Sunday, January 29, 2012

Close Encounters of the Gravel Kind

Okay, this post isn't really about the fire. Or the house. But it does include pain and a journey, so I thought you might enjoy it. Because really, we all enjoy laughing at other people's pain, right?

I journeyed to Omaha Friday night to attend the Pampered Chef's Spring Launch and I succeeded in launching myself right off a sidewalk. Spring Launch is where all the new spring products are revealed to the cheers of a thousand happy consultants. We planned to stay in a hotel in Omaha Friday night so we could head to the conference all fresh and rested Saturday morning. We stopped at a little steakhouse in Rock Port for dinner and that is where the mishap occurred.

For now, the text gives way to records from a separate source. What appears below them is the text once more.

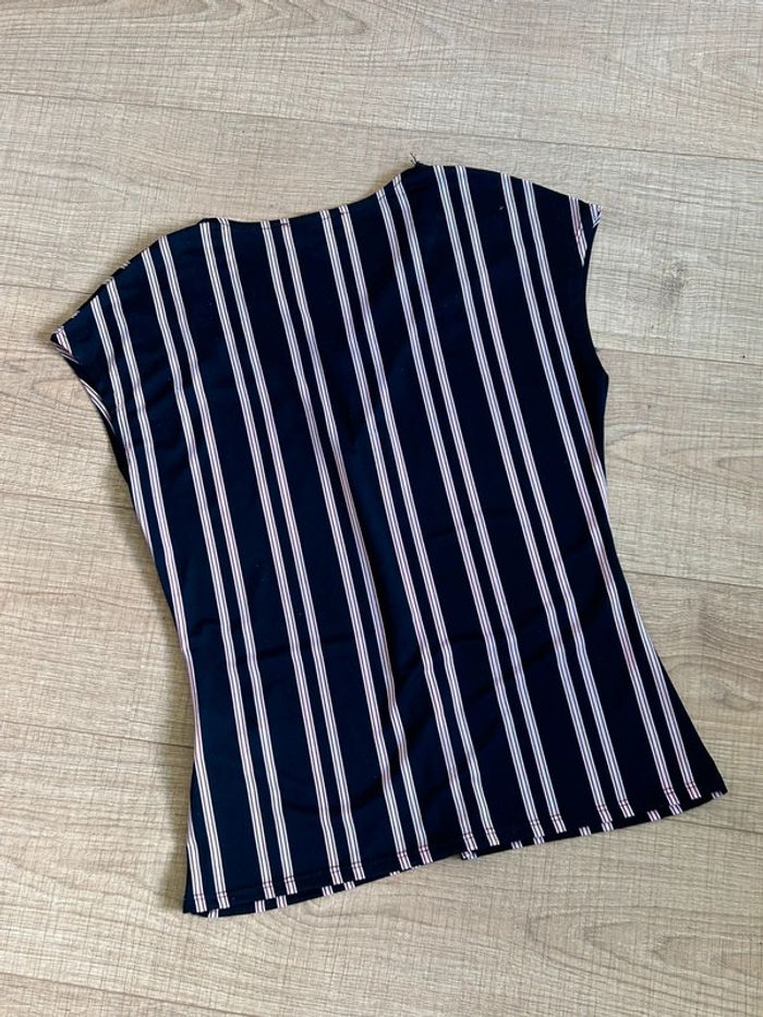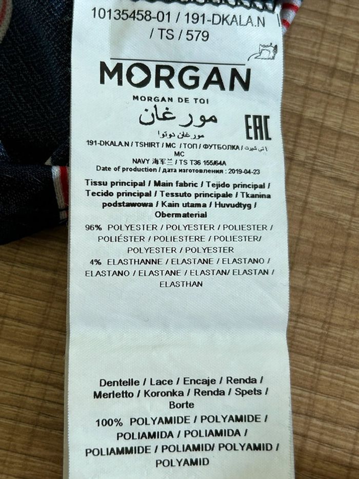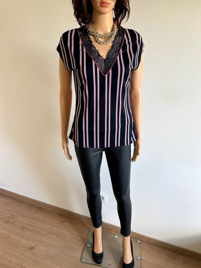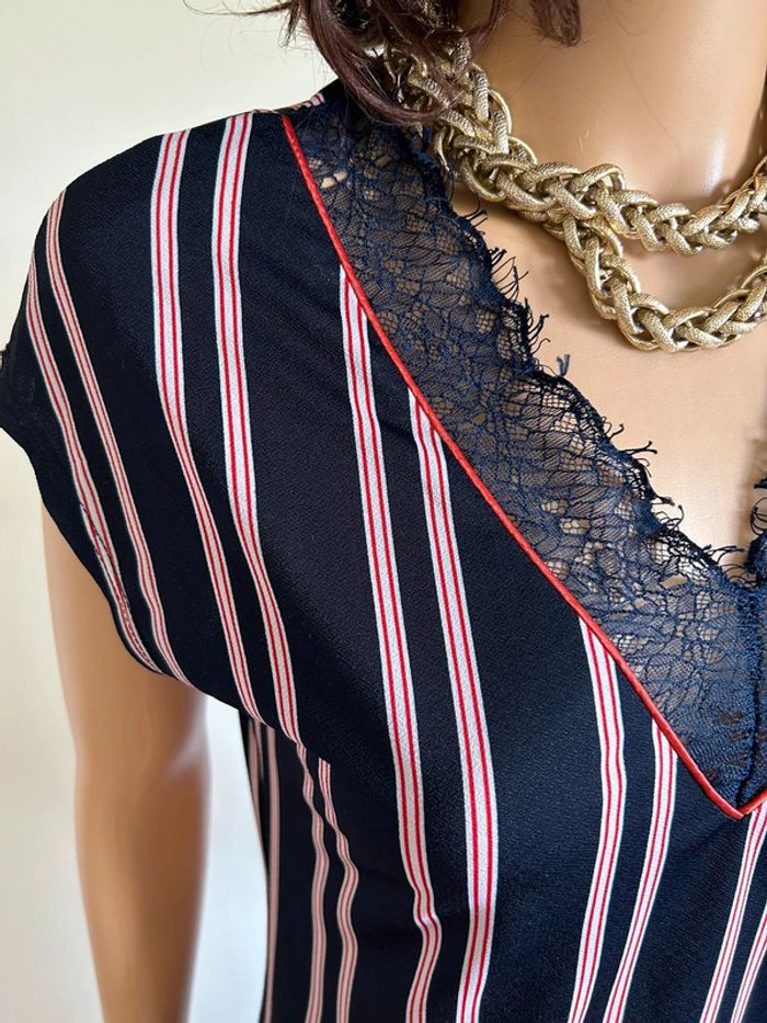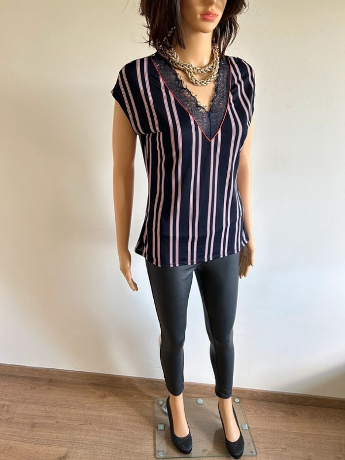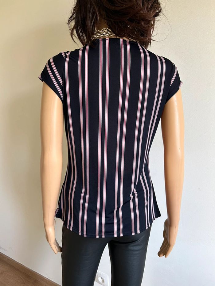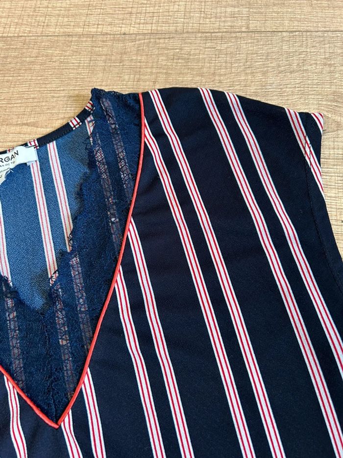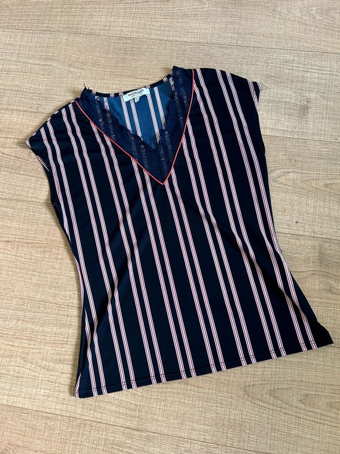 Jolie blouse rayée à manches courtes, avec dentelle, de marque Morgan. Taille S. Jamais portée, état neuf. aisselle à aisselle 44 cms et plus taille 39 cms et plus longueur depuis épaule 59 cms Le tissu est extensible 96% polyester et 4% elasthanne Le prix reste négociable dans la limite du raisonnable. Un petit cadeau dans le colis 🌸 (Boîte 2)
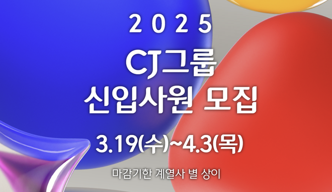 CJ그룹은 19일부터 CJ제일제당, CJ대한통운, CJ ENM, CJ올리브영, CJ올리브네트웍스 등 주요 계열사를 포함한 '2025년 상반기 신입사원 채용'을 시작한다고 17일 밝혔다.
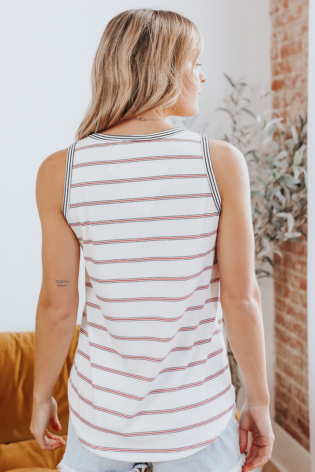 • This striped tank features a round neckline, henley style front, has a contrast striped trim, and comes in a ribbed knit material
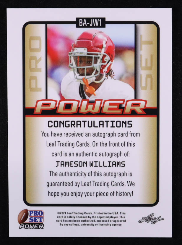 Jameson Williams 2021 Leaf Pro Set Power Bronze Signatures #BAJW1 RC
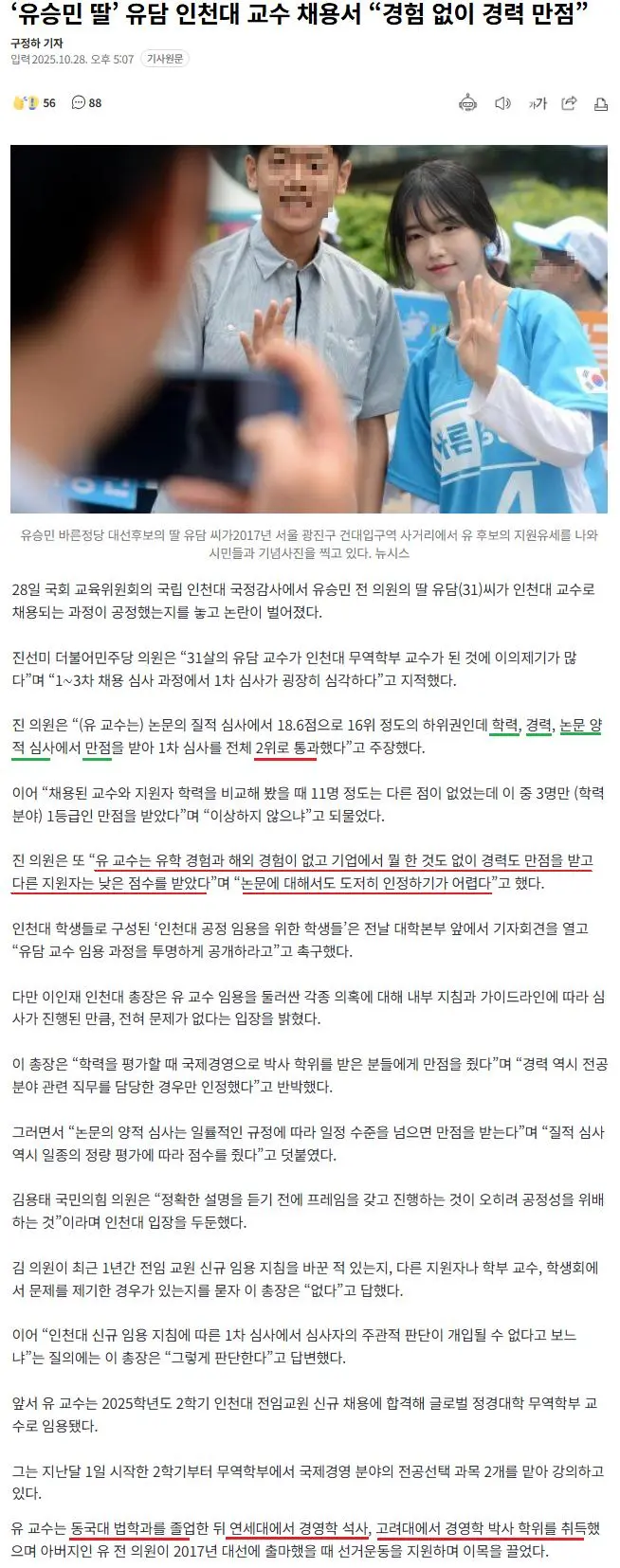 2. 경력은 없지만 아빠 정치를 도운 효녀이므로 경력 만점 받은 인천대 교수 채용

I paid my bill and left the restaurant. I was walking down the sidewalk toward the vehicle, still folding my money back into my wallet, when I noticed that nobody was in the vehicle. I started to turn around when my friend, Mandy waved to me from the tinted back window. I smiled at Mandy and stepped happily down the sidewalk.

That was when I became acutely aware that my right foot was not coming with me. I was falling. No big deal. I looked at Mandy and smiled as if to say "no problem. I got this." Mandy says she thought I was bending over to pick something up. It began that gracefully. But then something went insanely wrong.

I instantly made the decision that falling on my knee would not be a good thing and I put my hands out to brace the fall and take some of the impact. I would fall, stand back up, giggle, get in the vehicle. Right? No. I fell. I rolled. I who-the-hell-knows-what. All I know is I was walking East. And then I was flat on my back, sprawl-legged, looking at sky, half-way under the Highlander, head pointed South, butt aimed North, shoes flung here and there, wallet open on the gravel, and money scattered everywhere.

Two thoughts went through my head simultaneously:
Get UP before someone sees you! & What the hell just happened?

Mandy peered  down from the window. She opened the door just a crack and I said very seriously: You. Saw. NOTHING. She said "are you alright?" "I don't know yet" I mumbled. I reached for the door handle on the Highlander to pull myself up but of course, the door OPENED which is what happens when you pull on the handle and I sprawled back on my butt. Then our friend Jim was there and he was all "are you alright? What happened?" And at that point I was all "I don't really know."

This was the most embarrassing moment, to date, of my adult life. I wanted desperately to laugh it off and enjoy the rest of the drive into Omaha, but I was in PAIN. I took the skin off my right knee. I took the skin off my right arm. By the time we reached Omaha, I had a big, swollen bruise on that arm. When I eased myself into bed I realized I had hit my right butt cheek on something and could not lay on it. I couldn't really lay on the left hip either. Mandy and I laughed and giggled while reliving the whole scenario and finally I settled in to sleep in an uncomfortable, awkward position.

The next day my back began to hurt and by evening I felt like I had been run over by the Highlander I had landed under. I really do not know how I could have hit, poked, skinned, or pummeled so many parts of my body on such a short journey from curb to parking lot. Damn gravel. I spent Saturday night in a bath tub full of Epsom salt.

At any rate, the new spring products are fabulous. I had a great time, considering. And now it is back to work and another week of house recovery. This week we will meet with the kitchen designer. The final three bedrooms are being demolished. The basement clean-out continues. Life marches on.